Thanks for sharing this! Gives me confidence that mine wasn't just a one-off case, and other people are having the same experience!


----------



## piyush1132003 (Oct 5, 2013)

after long time, seeing someone spreading some positivity here in forum...lol ;-)

Best of Luck to everyone..


----------



## Tuttu (Apr 6, 2014)

Thanks guys..that's really motivating..


----------



## Vijay24 (Jun 13, 2013)

In 2013 most of my Expat forum friends migrated and trust me all of them got jobs within 3-6 months at maximum, all are into Software, Network, IT etc. 

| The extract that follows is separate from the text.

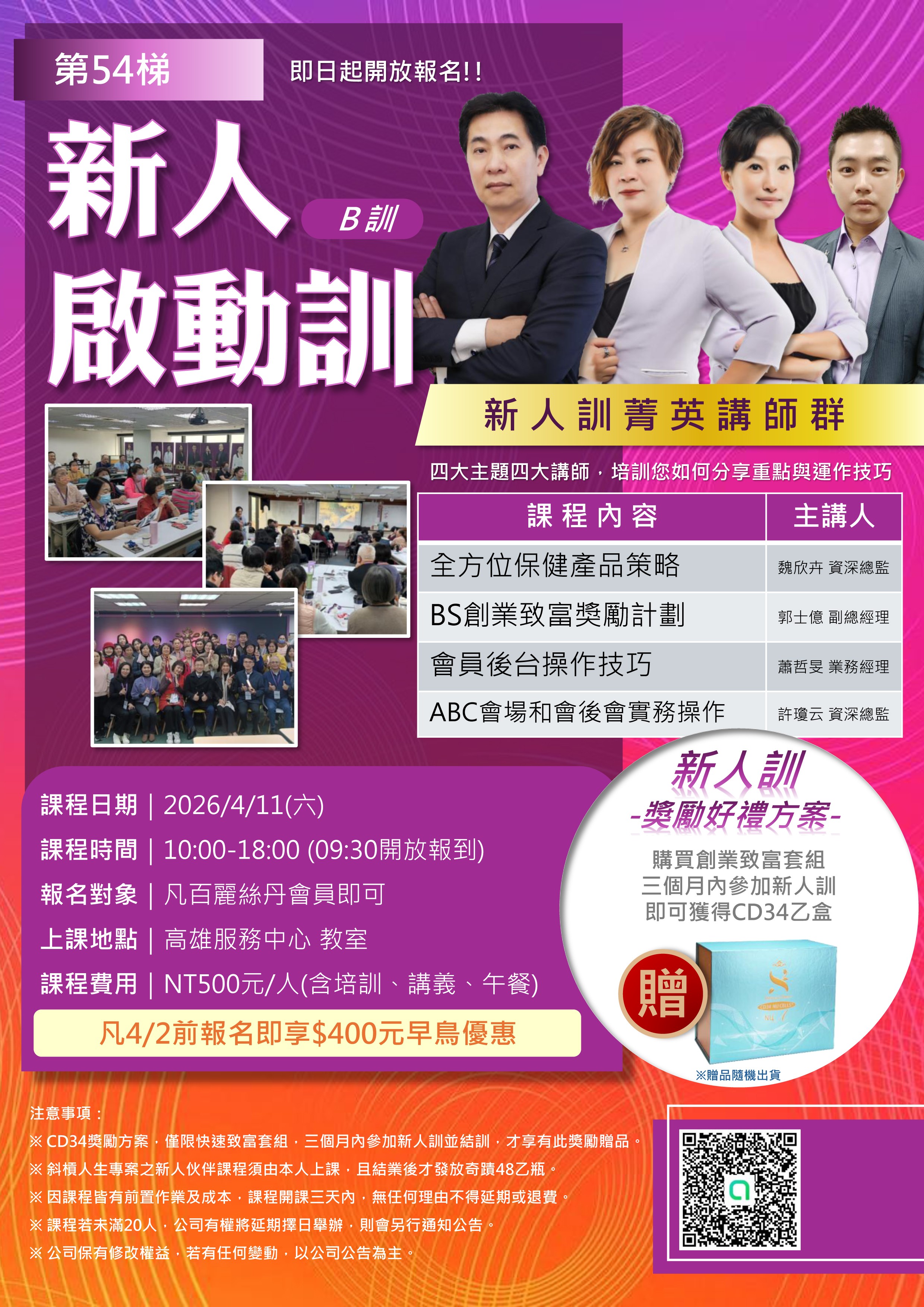 ※ CD34獎勵方案,僅限快速致富套組,三個月內參加新人訓並結訓,才享有此獎勵贈品。
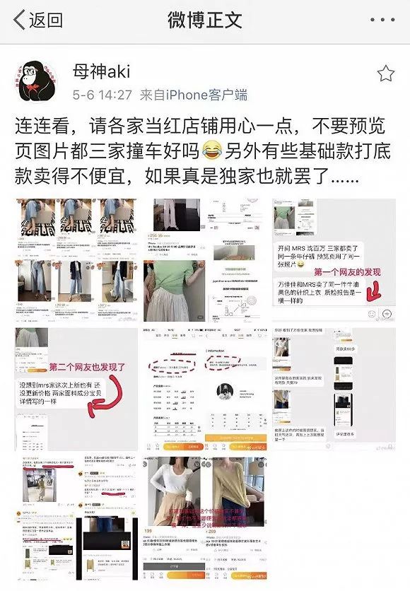 微博用户“母神aki”长年关注和收集网友曝光的网红服装店品质问题,她近一年的微博中,出现了越来越多的“款式连连看”,即数个网红服装店都在同一上新时段出现了同样的款式。

And recently some of my new friends from Expat forum also have got jobs in Sydney, Melbourne and Canberra, they are into BA domain, Mobile Technology, Java, .Net, System Admin etc

So everyone will get a job in Australia. Its all in how you approach and sell yourselves


----------



## Varunmalhotra24 (Jan 28, 2015)

batcoder0619 said:


> Thanks for sharing your views and experience on this.
> 
> I can confidently say that I have experienced the same as you. Even though I haven't even yet received an invite, I applied for few jobs on seek.com for developer and analysts positions with just 4 years of experience. To my surprise I received 5 out 9 positive replies within a week. 3 out of the 5 sent me details of online aptitude test which were not that difficult at all. The other 2 were ready to interview on Skype. But as always they require candidates to possess Australian PR, so I couldn't progress further.
> 
> ...



Thats a lot to cheer up Funkyzoon and Batcoder0619:second:


----------



## go-live (Dec 20, 2014)

Thanks funkyzoom!
This is really positive news. I was really depressed after reading all the negative posts about job prospects in Oz, on this forum.


----------



## batcoder0619 (Aug 28, 2013)

go-live said:


> Thanks funkyzoom!
> This is really positive news. I was really depressed after reading all the negative posts about job prospects in Oz, on this forum.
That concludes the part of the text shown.